This week the Joint Economic Committee held a hearing on the most recent GAO report on Women in Management. The meeting appeared to be more of a promotional campaign for the Paycheck Fairness Act than a discussion of the main findings. The main findings currently regurgitated by the Media are:
- In 2007, women who made up 47 percent of the U.S. workforce are disproportionally underrepresented in management positions, at a participation rate of only 40%.
- Female managers earn only 81 cents on the dollar compared to male managers.
What you don’t read about in the coverage by big name news sources, such as the Washington Post, the Wall Street Journal, or ABC News, is that the GAO report also issues caution to jump to pre-mature conclusions.
Our analysis neither confirms nor refutes the presence of discriminatory practices.Some of the unexplained differences in pay seen here could be explained by factors for which we lacked data or are difficult to measure, such as managerial responsibility, field of study, years of experience, or discriminatory practices, all of which can be found in the research literature as affecting earnings.
In addition to all these caveats, women’s occupation and life choices need to be taken into consideration. For many women with children, or those who consider having children in the future, pursuing a managerial career in a certain industry depends on how easy it is to combine career and family.
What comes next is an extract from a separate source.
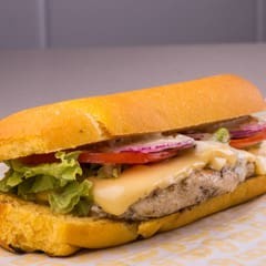 Pão artesanal super leve, hambúrguer com blend de aproximadamente 120g de carne exclusivo do fruto, muito queijo, alface, tomate, cebola roxa e molho da casa.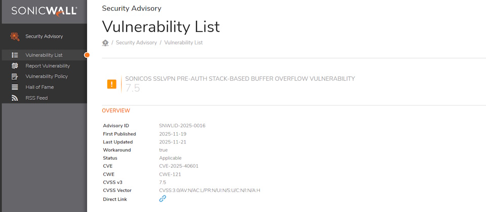 新聞 SonicWALL, 防火牆, CVE-2025-40601

Diana Furchtgott-Roth, former chief economist at the U.S. Department of Labor, who was invited to speak at the hearing, has a good summary and analysis up on the issue at the Hill’s Congress Blog. She points out:
The [Paycheck Fairness Act] responds to a false problem. When the data are understood correctly – taking account of choice of vocation and on-the-job years – the pay gap largely disappears.
When differences in hours worked, time in the workforce, education, or choice of vocation are considered, many academic studies show that women make around 94 percent of what men make. The remaining six cents are due to unexplained variables, one of which might be discrimination.
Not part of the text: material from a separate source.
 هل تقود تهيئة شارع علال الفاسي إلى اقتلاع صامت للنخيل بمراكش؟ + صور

A woman who chooses a part-time job, or one with a flexible schedule, in order to have both family and career time might think of herself as successful. But to feminists, she is a societal problem in need of a solution because she is on a lower earnings path than a man.
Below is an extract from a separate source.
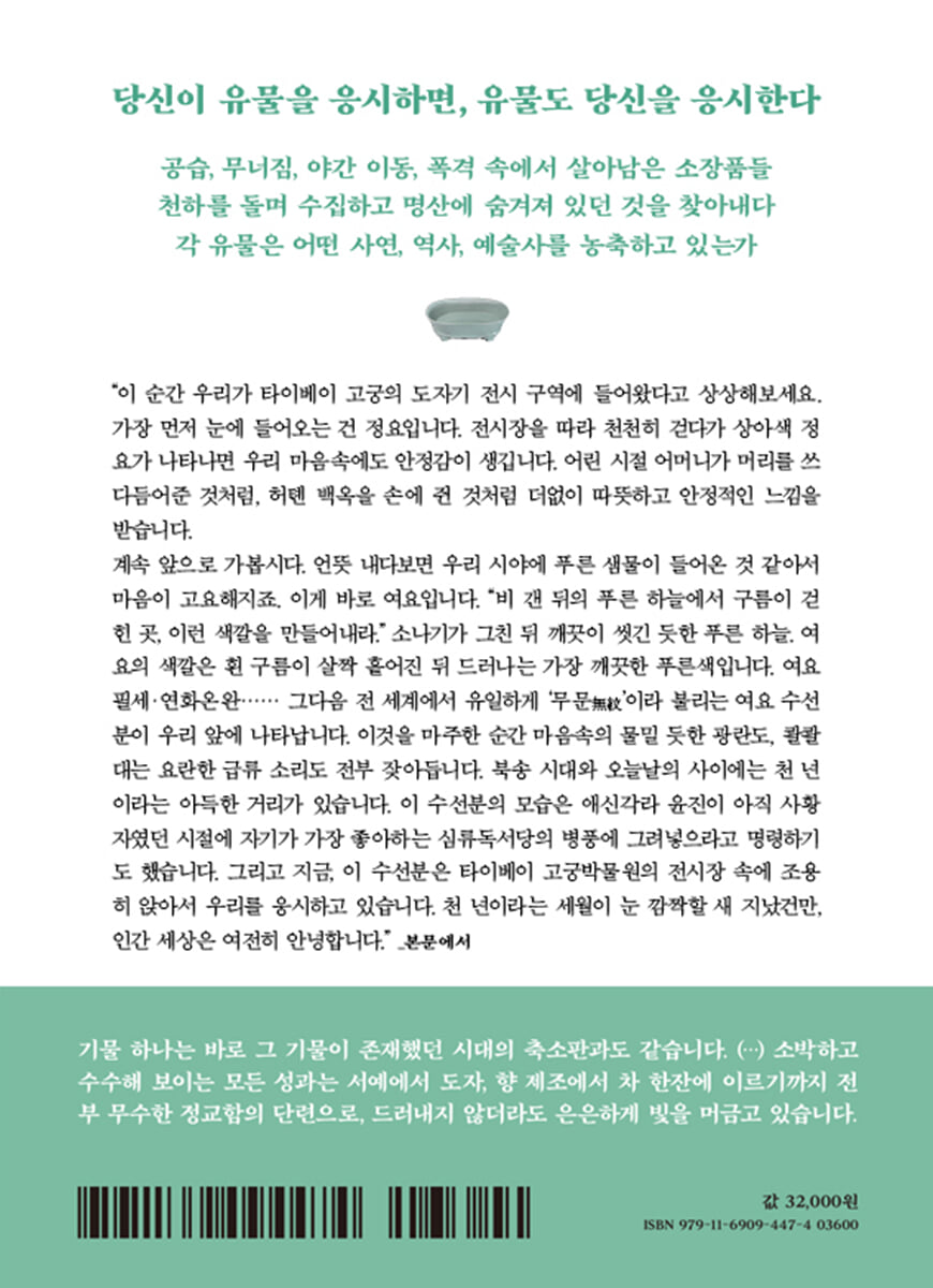 저는 그 이야기를 들으면서 정신을 차리지 못할 정도로 매혹되었고, 신나서 어쩔 줄 몰랐습니다 _뤄이쥔 머리말 저는 타이베이 고궁의 가장 빛나는 보물을 당신의 다보격에 넣고 싶습니다 1. 여요 청자무문수선분 | 내 마음속의 언제나 화창한 하늘 2. 한식첩 | 천고 문인 중 으뜸은 소동파 3. 한대의 옥무인 | 섬섬옥수 위에서 사뿐사뿐 춤추네 4. 계산행려도 | 하늘과 땅 사이에서 사람의 위치를 찾다 5. 회도가채사녀용 | 고궁의 제일가는 미인 6. 정요 왜왜자침 | 눈처럼 하얗게 빛나는 7. 건요 | 어둠의 미학 8. 남송 관요 | 나의 아름다움과 애수 9. 송인서방 | 자기만의 방 10. 모공정 | 나라를 지키는 보물 11. 당인궁락도 | 봉래궁에 뜬 일월은 영원하리 12. 명황행촉도 | 꿈인가! 생시인가! 13. 제질문고 | 세상에 남은 안진경체 중 으뜸 14. 다보격 | 황제의 장난감 상자 15. 투채계항배 | 청화에서 투채까지 16. 강희 법랑채 자기 | 청나라 궁정의 으뜸 17. 옹정 법랑채 자기 | 시·서·화·인, 금성과 욱영 18. 건륭 법랑채 자기 | 화려한 경치들 19. 남훈전도상 | 인증숏을 봅시다 20. 조춘도 | 수려하면서도 아리땁다 21. 화랑도 | 백 가지 물건을 짊어지고 골목을 누비니 22. 취옥백채 | 보석분경 23. 작화추색 | 시공을 뛰어넘은 사랑의 편지 24. 부춘산거도 | 영원한 산수 25. 용슬재도 | 사람 없는 정자가 예찬을 말하다 26. 격사 | 통경단위 27. 남송 산수 소품 | 유풍이 두루 미쳐 따스한 봄바람 속에 앉아있는 듯하구나 28. 계산청원」 | 마음을 닦고 도를 관조해야 눕거나 앉아서 그림을 보더라도 만 리를 노닐 수 있다 29. 청나라 궁정에 오랫동안 수장된 비연호 | 아주 좋은 완물 30. 한궁춘효 | 흐르는 쾌락송 31. 명대 칠기 | 꿈결을 쌓다 32. 명사대가 | 선물에서 상품까지, 그리고 당인 33. 문징명에서 문진형까지 | 소시대의 일상 34. 천향 가남 | 금처럼 단단하고 옥처럼 따스하구나 35. 구구임옥 | 환상으로 사실을 그린 왕몽 36. 쾌설시청첩 | 꿈속의 소나타 |

There are several industries in which women dominate as managers; for example, women make up 70 percent of managers in health care and social assistance and 57 percent of managers in educational services. These manager positions tend to be lower paid and more accommodating to career-unrelated choices than professional and business services, for example, where women’s share is only 38 percent.
Paycheck Fairness Act proponents argue that women shouldn’t be punished for choosing to spend time raising a family, and that wage discrepancies arousing from this choice are discriminatory. Unfortunately, their “solution” would do more harm than good. Carrie Lukas points to the increasing government interference in business by issuing new reporting requirements on employee’s pay in her blog post earlier this week. Last week, I highlighted the dangers that arise from the ambiguous language in the text, combined with the enormous incentives for trial lawyers, which could hurt women’s opportunities to get hired and promoted. No Paycheck Fairness Act, please!